American novelist and family therapist

Chris Crutcher (born July 17, 1946) is an American novelist and a family therapist. He received the Margaret A. Edwards Award from the American Library Association in 2000 for his lifetime contribution in writing for teens.

==Biography==
Crutcher was born July 17, 1946, to a World War II B17 bomber pilot and a homemaker in Dayton, Ohio. A few weeks after his birth, his father gave up flying and the family moved to his mother's hometown of Cascade, Idaho, where his father could open an oil and gas wholesale business and he could grow up.

After graduating from high school, Crutcher attended Eastern Washington State College (now Eastern Washington University) where he swam competitively and earned a BA in psychology and sociology. With no post-graduation plans or prospects, he went back to Eastern and got a teaching certificate.
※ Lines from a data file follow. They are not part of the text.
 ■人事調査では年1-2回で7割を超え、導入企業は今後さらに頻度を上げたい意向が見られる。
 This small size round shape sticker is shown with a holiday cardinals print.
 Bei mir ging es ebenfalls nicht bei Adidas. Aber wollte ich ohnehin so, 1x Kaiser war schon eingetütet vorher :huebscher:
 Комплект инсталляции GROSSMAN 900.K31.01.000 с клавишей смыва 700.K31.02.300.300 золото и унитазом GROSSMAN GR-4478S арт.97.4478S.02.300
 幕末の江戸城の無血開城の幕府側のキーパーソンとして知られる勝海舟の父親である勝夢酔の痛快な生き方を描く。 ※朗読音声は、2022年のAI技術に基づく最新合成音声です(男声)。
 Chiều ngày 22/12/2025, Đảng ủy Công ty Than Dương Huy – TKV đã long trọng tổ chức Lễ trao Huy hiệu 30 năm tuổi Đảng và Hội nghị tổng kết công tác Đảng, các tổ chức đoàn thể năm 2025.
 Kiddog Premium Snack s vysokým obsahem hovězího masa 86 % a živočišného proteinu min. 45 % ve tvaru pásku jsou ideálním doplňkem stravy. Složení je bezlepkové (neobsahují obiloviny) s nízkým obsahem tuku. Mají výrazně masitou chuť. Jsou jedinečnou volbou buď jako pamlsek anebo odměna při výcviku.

Crutcher taught at several primary and secondary schools in California and Washington before beginning his writing career. After his first book was completed, he joined Spokane's Child Protection Team and began practicing as a child and family therapist.

==Writing==

Crutcher's debut novel was Running Loose in 1983 about a senior in high school who has it all until life throws him for a few loops. Many of his novels concern teenaged athletes who have personal problems. Most of his protagonists are male, teenage athletes, often swimmers, and recurring supporting characters include a wise Asian-American teacher or coach and a caring journalism teacher.
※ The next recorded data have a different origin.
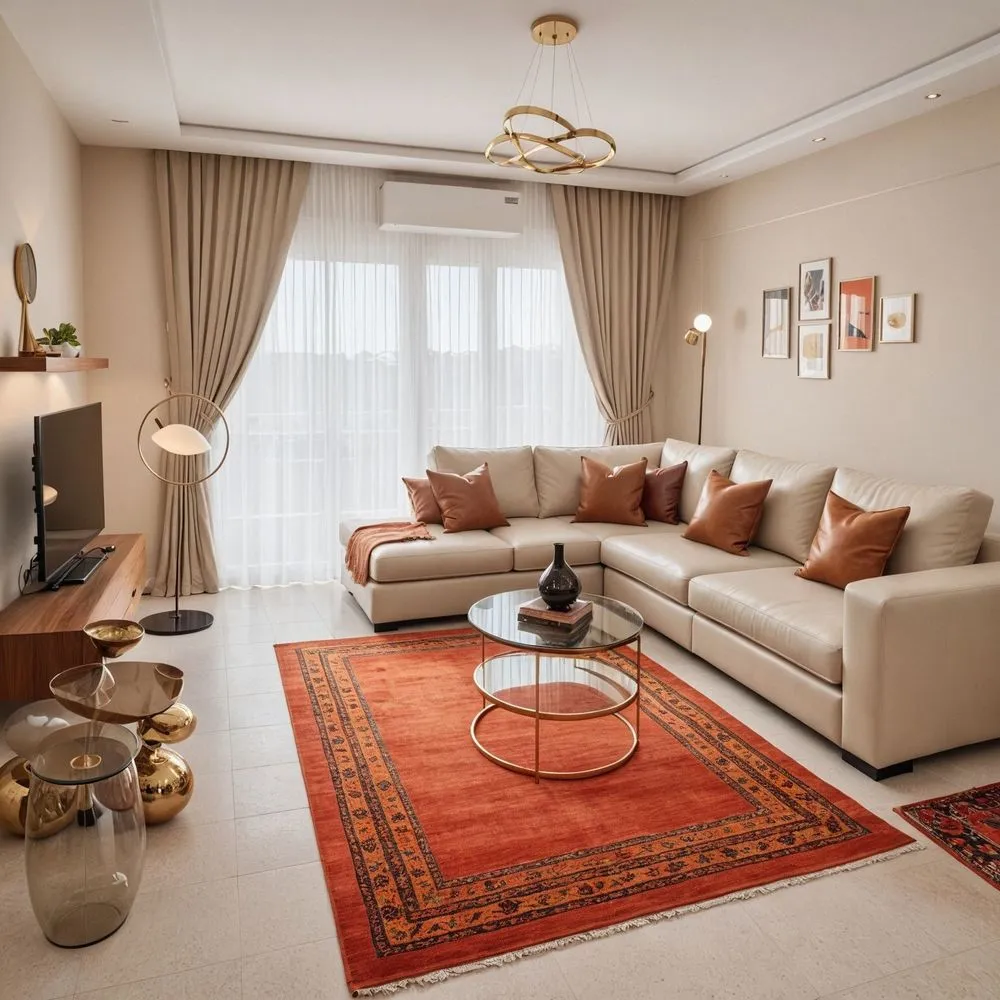 a white living room with an orange and red rug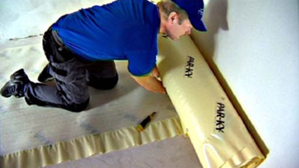 Asukkaat olivat valinneet HDF-runkoisen, pintaviilutetun lattian, joka oli ympäripontattuna nopea ja näppärä asentaa. Se asennettiin uivana ja alle levitettiin solumuovinen askeläänieriste ja (koska alla oli kipsivalu) kosteussulkumuovi, aivan kuten betonilattiankin kohdalla tehtäisiin. Lattian pinnassa saa olla heittoa enintään +/- 1,5 millimetriä kahta metriä kohden, mutta kipsivalu osoittautui niin suoraksi, ettei erillistä tasoittamista tarvittu.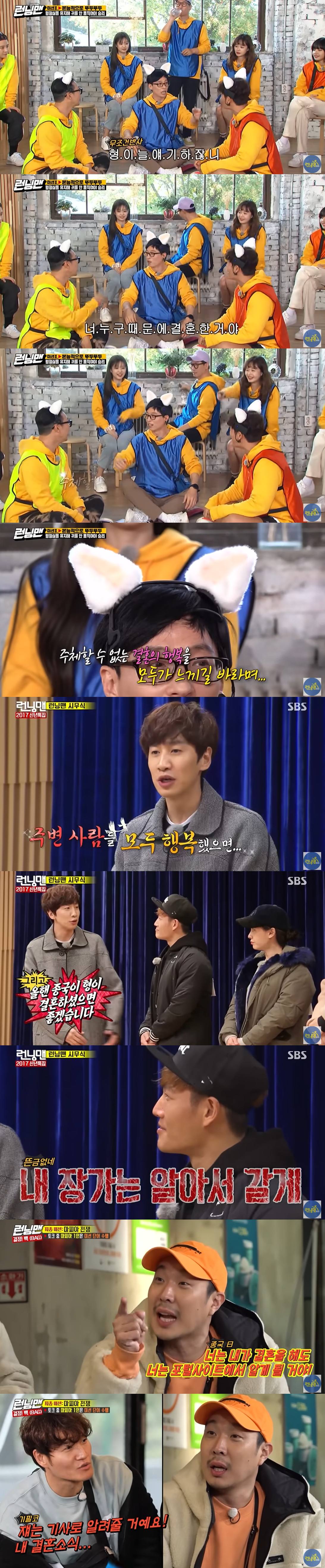 이어진 영상은 2017년 신년 특집, 이광수는 "올해는 저희 모두 행복하고 저희 가족들 행복하고 시청자분들도 행복하시고. 개인적으로 형이 결혼하셨으면 좋겠다"라며 김종국을 언급했다.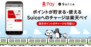 また、楽天ペイからSuicaにチャージできるのは、楽天ポイント(通常ポイント)と楽天カード(Visa、Mastercard、JCB、American Express)です。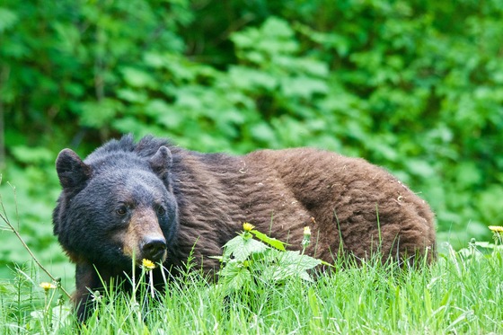 A two toned black bear braves some roadside spring dandelions near Terrace, BC.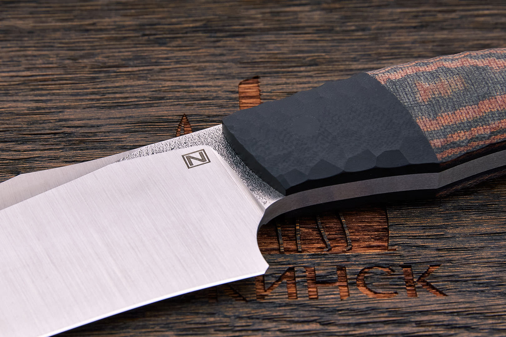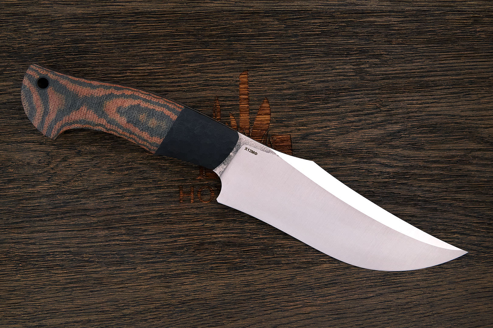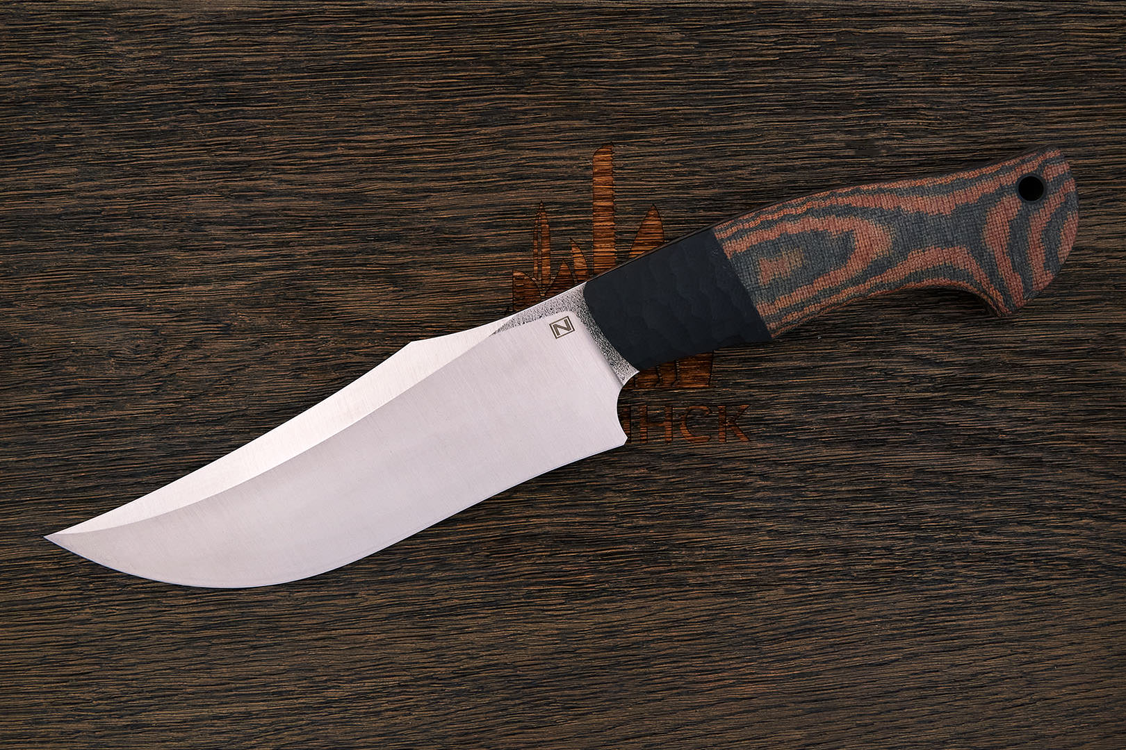 Микарта – очень прочный конструкционный материал, представляющий собой слоистый пластик на основе ткани и фенолформальдегидных или эпоксидных смол. Слои ткани пропитываются и склеиваются под высоким давлением и температурой. Благодаря совокупности потребительских свойств micarta (текстолит) прекрасно подходит для изготовления рукоятей ножей. Прочная, не впитывает ни воду, ни запахи, тактильная и высоко декоративная за счет разнообразия текстур и цветов. По теплопроводности микарта близка к натуральному дереву, что позволяет достаточно комфортно использовать ножи на сильном морозе.

Chris Crutcher's writing is controversial, and has been frequently challenged and even banned by individuals who want to censor his books by removing them from libraries and classrooms. Athletic Shorts: Six Short Stories and Running Loose were #63 and #92 on the ALA list of 100 books most frequently challenged during the 1990s. His books generally feature teens coping with serious problems, including abusive parents, racial and religious prejudice, mental and physical disability, and poverty; these themes are viewed by some as too mature for children. Other cited reasons for censorship include strong language and depictions of homosexuality. Despite this controversy, Crutcher's writing has received many awards.
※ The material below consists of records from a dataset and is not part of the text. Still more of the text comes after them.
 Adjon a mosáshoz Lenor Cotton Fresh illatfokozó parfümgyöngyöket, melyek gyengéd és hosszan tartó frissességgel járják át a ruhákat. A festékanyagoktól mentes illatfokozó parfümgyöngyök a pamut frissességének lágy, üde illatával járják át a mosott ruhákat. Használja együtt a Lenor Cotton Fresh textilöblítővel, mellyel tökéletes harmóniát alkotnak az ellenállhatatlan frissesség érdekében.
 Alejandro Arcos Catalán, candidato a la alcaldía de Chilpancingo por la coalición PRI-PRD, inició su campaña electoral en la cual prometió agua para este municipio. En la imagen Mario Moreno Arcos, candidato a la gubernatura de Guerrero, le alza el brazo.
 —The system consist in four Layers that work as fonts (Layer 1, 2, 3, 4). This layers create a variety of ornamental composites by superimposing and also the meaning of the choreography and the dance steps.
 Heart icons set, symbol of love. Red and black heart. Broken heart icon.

Crutcher has also written an autobiography called King of the Mild Frontier (2003), an adult novel titled The Deep End (1991), and two collections of short stories, Athletic Shorts: Six Short Stories (1991) and Angry Management (2009), some of which further explore characters from his previous novels. One of the stories from Athletic Shorts: Six Short Stories, "A Brief Moment in the Life of Angus Bethune", was made into a film called Angus.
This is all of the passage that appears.